Dotation d’intercommunalité

Répartition. Note d’information du 11 mai 2017

Dotation de compensation

Note d’information du 15 mai 2017

Dotation nationale de péréquation

Eligibilité et répartition. Note d’information du 12 juin 2017

FPIC

Répartition. Notes d’information

Pièces justificatives et documents comptables dématérialisés

Valeur probante. Circulaire du 12 juin 2017

Jurisprudence

Délibération fixant les objectifs du PLU

Critique à l’appui d’un recours dirigé contre la délibération approuvant le PLU (non)

Questions d'actualité

Service public de l'eau potable

Différenciation tarifaire. Conditions

Instruction des autorisations d'urbanisme

Redevance pour service rendu. Répercussion sur les pétitionnaires (non)

Courrier des lecteurs

PLU

Conférence intercommunale

Membres du bureau

Remplacement en cours de mandat

Compétence « contribution au SDIS »

Transfert à une communauté ou métropole (oui)

Transfert de compétence

Changement du nom d’un bâtiment mis à disposition (non)

Dossier

CDAC

Saisine facultative

Informations pratiques
Textes du mois

Dotation d’intercommunalité

Répartition. Note d’information du 11 mai 2017

La note d’information n° INTB1714273C du 11 mai 2017 présente les modalités de répartition de la dotation d’intercommunalité des EPCI en 2017.

L'article L 5211-28 du CGCT prévoit que « les EPCI à fiscalité propre reçoivent, à compter de l'année où ils perçoivent pour la première fois le produit de leur fiscalité, une attribution au titre de la dotation d'intercommunalité calculée selon les modalités définies aux articles L 5211-30 à L 5211-35-1 ». Ce même article prévoit que « A compter de 2017, le montant de la dotation d'intercommunalité des établissements publics de coopération intercommunale à fiscalité propre de métropole et des départements d'outre-mer, à l'exception de ceux du Département de Mayotte, est minoré de 310,5 millions d'euros ». Cette minoration s'ajoute aux contributions au redressement des finances publiques au titre des années 2014, 2015 et 2016 qui s'élèvent respectivement à 252 millions d'euros, 621 millions d'euros, et 621 millions d'euros.

Ainsi, pour calculer la dotation d'intercommunalité des EPCI en 2017, il convient de procéder en deux temps :

- calculer la dotation d'intercommunalité dans les conditions prévues aux articles L 5211-30 à L 5211-35 du CGCT ;
- appliquer à la dotation d'intercommunalité ainsi calculée une minoration au titre de la contribution de l'EPCI au redressement des finances publiques 2014, 2015, 2016 et 2017, conformément à l'article L 5211-28 du CGCT.

Dotation de compensation

Note d’information du 15 mai 2017

Dotation nationale de péréquation

Eligibilité et répartition. Note d’information du 12 juin 2017

La loi de finances pour 2017 ne prévoit pas de modifications des modalités de calcul de la DNP répartie au titre de l'année 2017.

FPIC

Répartition. Notes d’information

Deux notes d’information sont relatives à la répartition du fonds national de péréquation des ressources intercommunales et communales (FPIC) pour l’exercice 2017.
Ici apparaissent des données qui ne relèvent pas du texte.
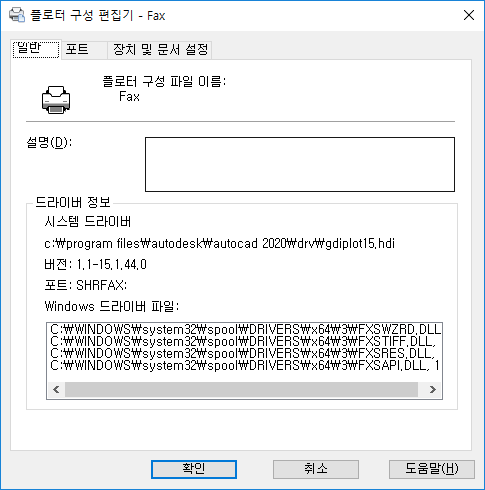 플로터 구성(PC3) 파일에 대한 기본 정보가 들어 있습니다.
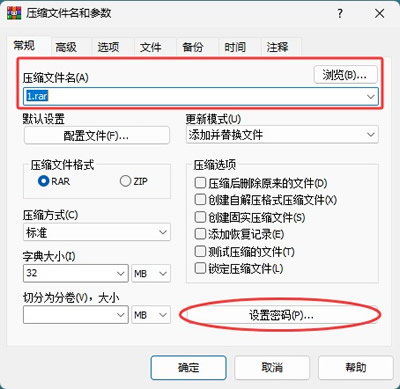 - ①:压缩的同时,可以自定义生成的压缩文件的名称,以及设置压缩文件的格式,可以选择 RAR 和 ZIP 两种;
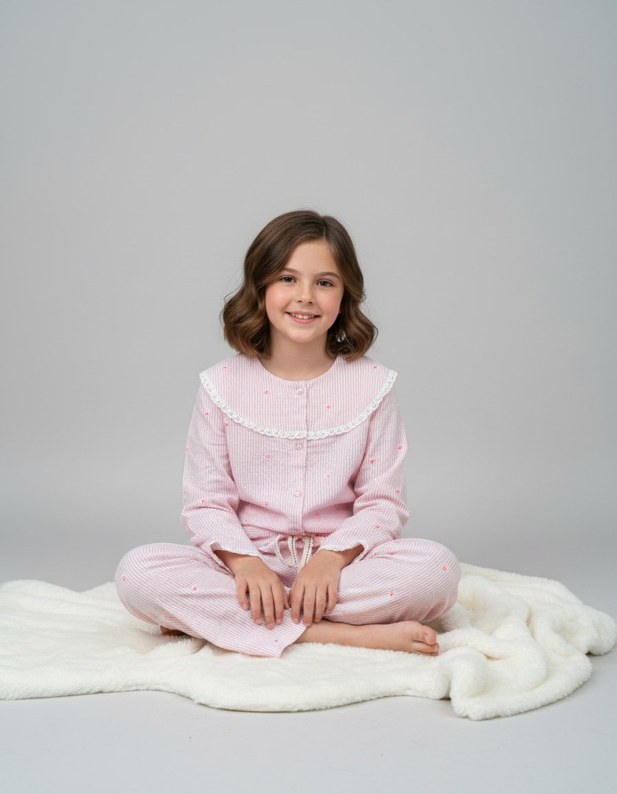 Classic pink stripes get a feminine twist with tiny scattered florals and sweet ruffle trim on this charming button-up top. Complete with matching pants, this set is a traditional pajama style with a touch of whimsical charm.
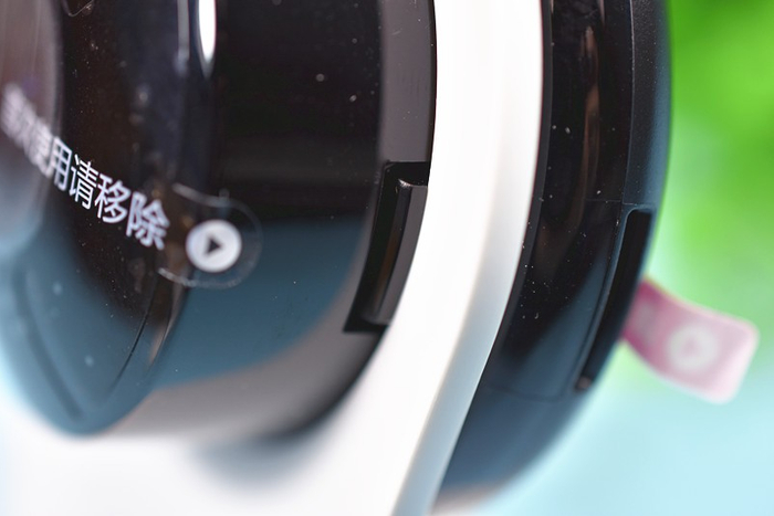与光鲜亮丽的正面不同,小蚁1080P版智能摄像机背部色调要暗淡许多,主要是因为小蚁1080P版智能摄像机的摄像头前脸部分采用了亮光喷漆处理,而摄像头部分采用了类似磨砂工艺的处理方式。虽然小蚁1080P版智能摄像机的摄像头前脸要比背部耐看许多,但由于工艺处理不同,前脸较背部来说更加容易刮花,这一点用户需在使用中注意。
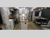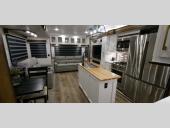 This fifth wheel is one your whole crew will love thanks to the middle bunkroom with a "Sleep & Play" sofa, an upper bunk, a dresser for storage, plus a loft above this room! You will enjoy the front private bedroom all to yourselves with a king bed slide out, a large wardrobe with washer and dryer prep, plus a dresser for more storage. When you're not outdoors relaxing under the 19' electric awning with LED lights, head to the rear living area to sit back on the theater seating or the EZ glide sofa. You'll also find an LED Smart TV here and a booth dinette for game night, or you can choose the free-standing chairs option. The chef will love the outside kitchen just as much as the indoor kitchen with an island, two pantries, and a 16 cu. ft. French door refrigerator!

  • Note d'information n° INTB1714638C du 16 mai 2017 relative à la répartition du fonds national de péréquation des ressources intercommunales et communales (FPIC) pour l’exercice 2017 à destination de la métropole et des départements d’outre-mer, à l’exception de Mayotte

  • Note d'information n° INTB1714682C du 17 mai 2017 relative à la répartition au titre de l’exercice 2017 du fonds national de péréquation des ressources intercommunales et communales (FPIC) à destination de Mayotte, de la Nouvelle-Calédonie, de la Polynésie française, de Saint-Pierre-et-Miquelon et des circonscriptions territoriales des îles Wallis-et-Futuna

Pièces justificatives et documents comptables dématérialisés

Valeur probante. Circulaire du 12 juin 2017

L’instruction n° CPAE1717330J du 12 juin 2017 vise à identifier les pièces justificatives et les documents comptables dématérialisés qui sont reconnus par le comptable public et par le juge des comptes comme ayant une valeur probante. Elle concerne les services de l’État, les collectivités locales, les établissements publics locaux et les établissements publics de santé.

Jurisprudence

Délibération fixant les objectifs du PLU

Critique à l’appui d’un recours dirigé contre la délibération approuvant le PLU (non)

Le moyen tiré de l’illégalité de la délibération prescrivant l’adoption ou la révision du plan local d’urbanisme, qui porte sur les objectifs poursuivis par la commune et sur les modalités de la concertation, ne peut être utilement invoqué contre la délibération approuvant le PLU.

Taxe sur les surfaces commerciales

Impôt local

La taxe sur les surfaces commerciales due au titre des années d'imposition 2011 et suivantes constitue, du fait de son affectation aux communes et EPCI, un impôt local au sens du 4° de l'article R 811-1 du code de justice administrative (CJA), sans qu'aient d'incidence à cet égard les dispositions de l'article 7 de la loi n° 72-657 du 13 juillet 1972 qui prévoient que les réclamations relatives à cette taxe sont présentées, instruites et jugées selon les règles applicables à la taxe sur la valeur ajoutée.

Le tribunal administratif statue donc en premier et dernier ressort sur les litiges relatifs à la taxe sur les surfaces commerciales.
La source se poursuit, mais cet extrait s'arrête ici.